» **What the task requires**
Extract the line that contains "Ook dit jaar" and every line after it through the end of the records below, exactly as written, leaving out any pictures.

» **Supplied data**
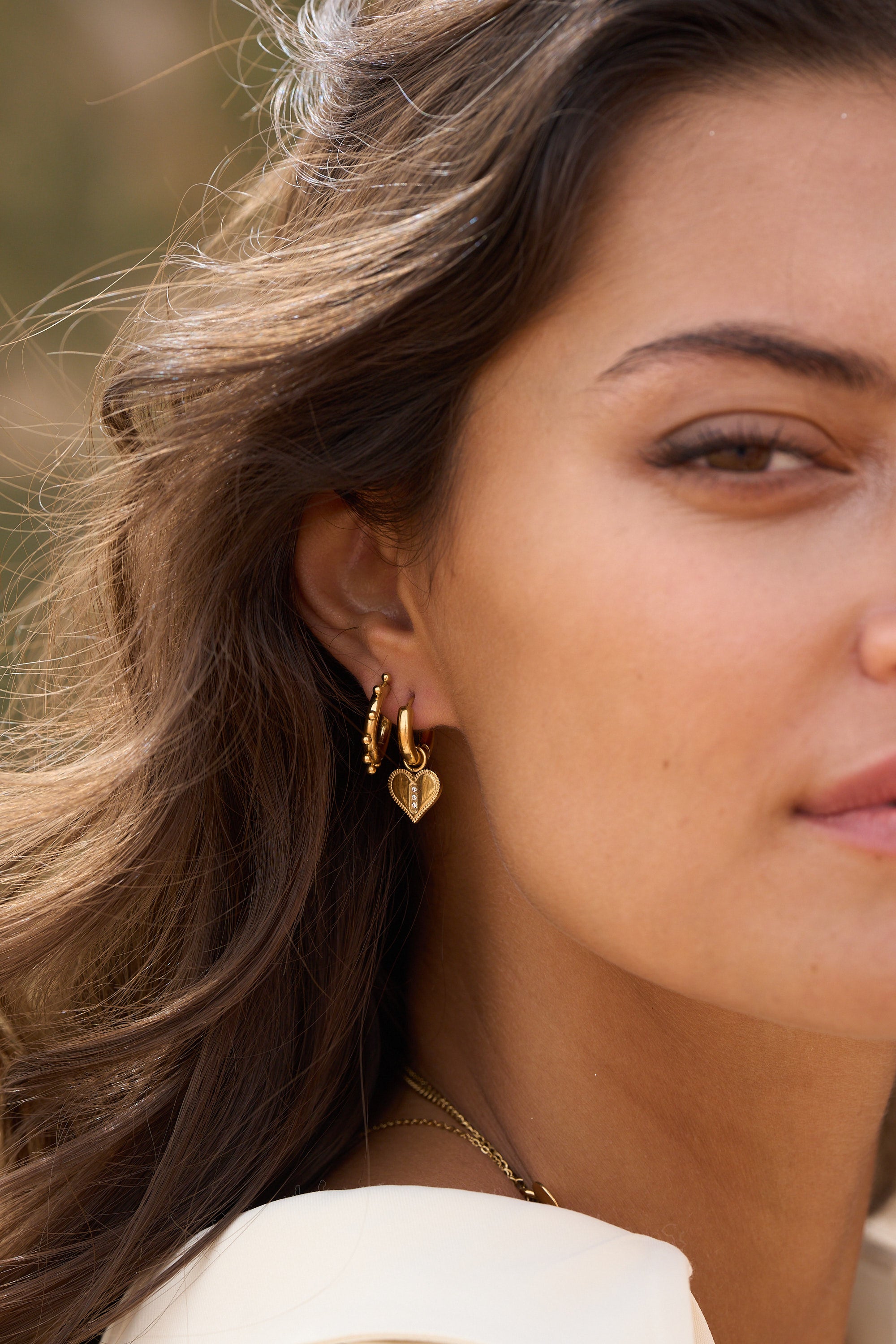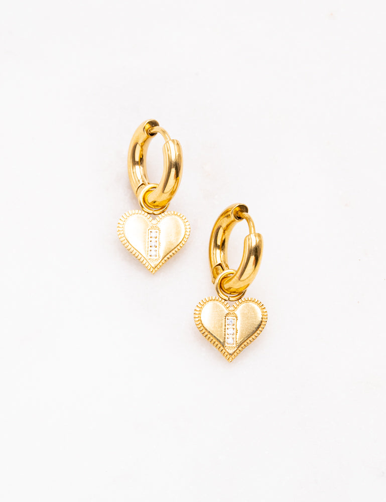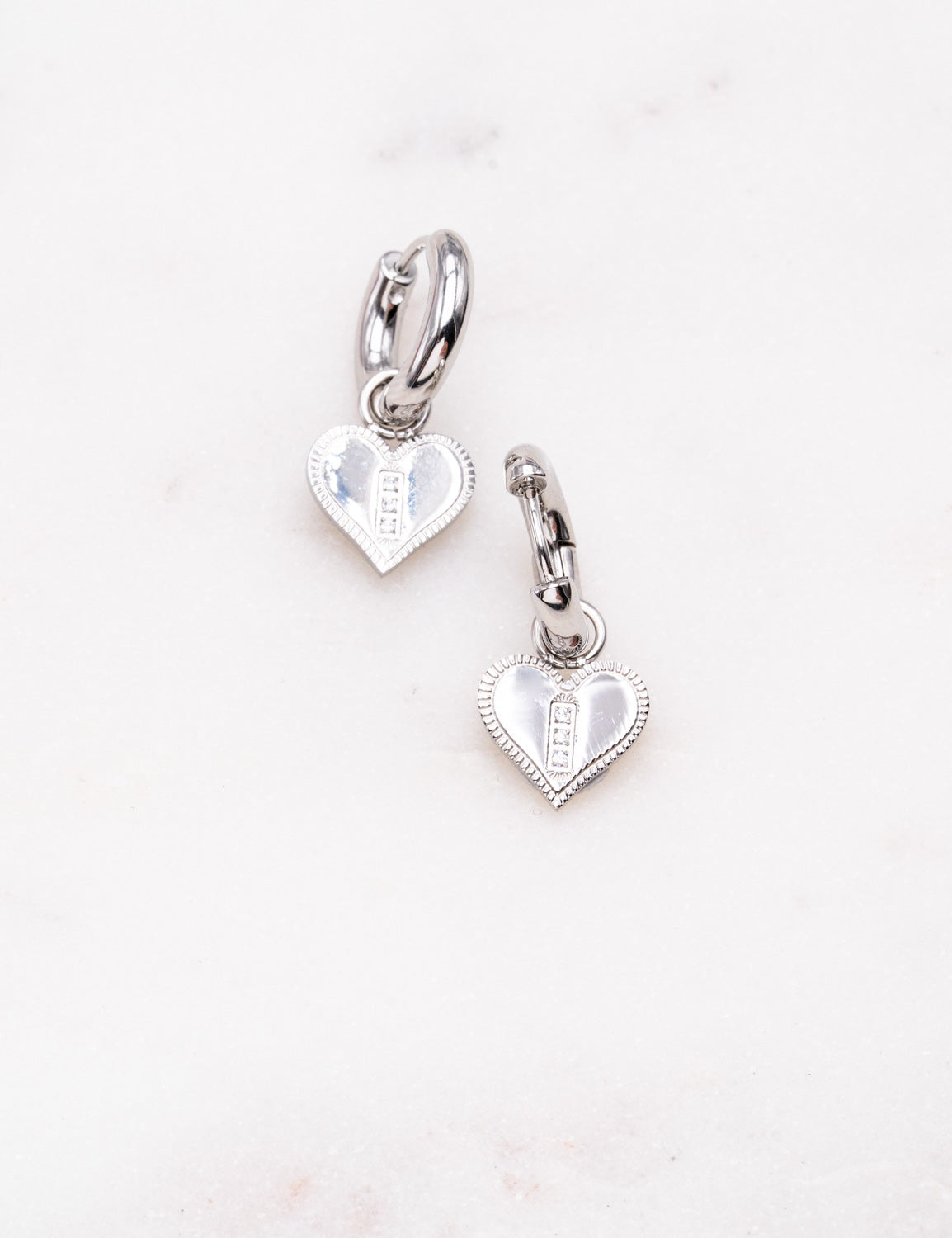 Boucles d'oreilles type créoles composées d'une pièce en forme de coeur texturé et serti de strass. (oxyde de zirconium). Fermoir charnière.
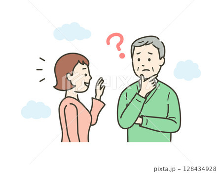 一位老人受到一位年輕女子的歡迎但忘記了是誰的上半身插圖
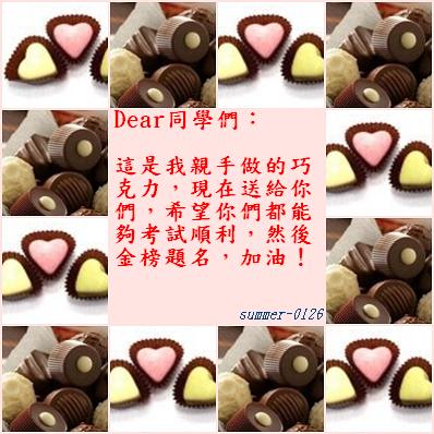 今天起了個大早,準備著要送給同學們的巧克力,也在今天早上九點,將巧克力全都送到同學們手上了,心中的石子也就此放下,因為我一直想要替同學們加油打氣!現在終於完成了,超開心!
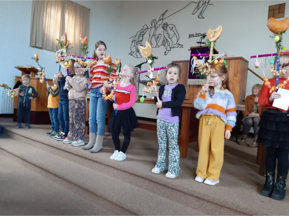 Ook dit jaar werden er weer Palmpasenstokken gemaakt tijdens de dienst op Palmpasen.
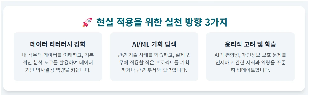 데이터와 인공지능 기술은 모든 직무 기능의 핵심 동력으로, 효율성 증대와 혁신적 가치 창출을 위한 필수적인 도구입니다.

» **Response**
 Ook dit jaar werden er weer Palmpasenstokken gemaakt tijdens de dienst op Palmpasen.
 데이터와 인공지능 기술은 모든 직무 기능의 핵심 동력으로, 효율성 증대와 혁신적 가치 창출을 위한 필수적인 도구입니다.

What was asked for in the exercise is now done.